**TASK DESCRIPTION**
Repeat nothing but the lines below running from the one containing "目の前のお家は下がっているた" to the one containing "The welcoming living". Keep both end lines.

**RECORD EXTRACTS**
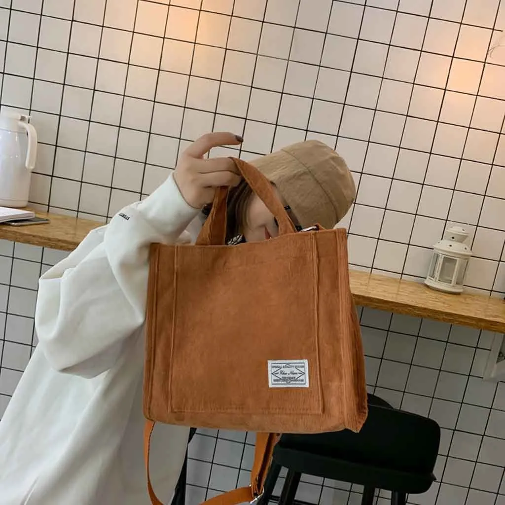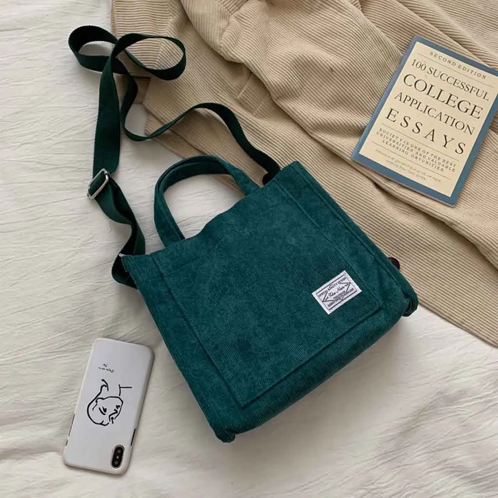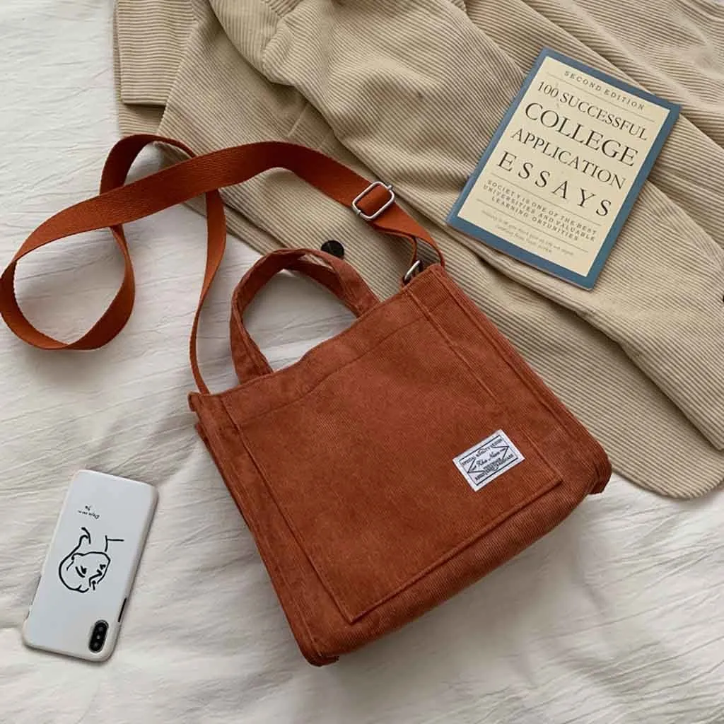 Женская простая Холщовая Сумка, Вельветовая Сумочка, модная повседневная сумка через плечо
* * *
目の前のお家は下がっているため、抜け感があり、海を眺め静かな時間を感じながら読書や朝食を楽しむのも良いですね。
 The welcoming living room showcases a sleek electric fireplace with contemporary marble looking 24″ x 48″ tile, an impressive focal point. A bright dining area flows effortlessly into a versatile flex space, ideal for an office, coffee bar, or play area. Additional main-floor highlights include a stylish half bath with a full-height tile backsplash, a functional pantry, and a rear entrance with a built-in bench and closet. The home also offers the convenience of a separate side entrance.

**OUTPUT FOR THIS EXERCISE**
目の前のお家は下がっているため、抜け感があり、海を眺め静かな時間を感じながら読書や朝食を楽しむのも良いですね。
 The welcoming living room showcases a sleek electric fireplace with contemporary marble looking 24″ x 48″ tile, an impressive focal point. A bright dining area flows effortlessly into a versatile flex space, ideal for an office, coffee bar, or play area. Additional main-floor highlights include a stylish half bath with a full-height tile backsplash, a functional pantry, and a rear entrance with a built-in bench and closet. The home also offers the convenience of a separate side entrance.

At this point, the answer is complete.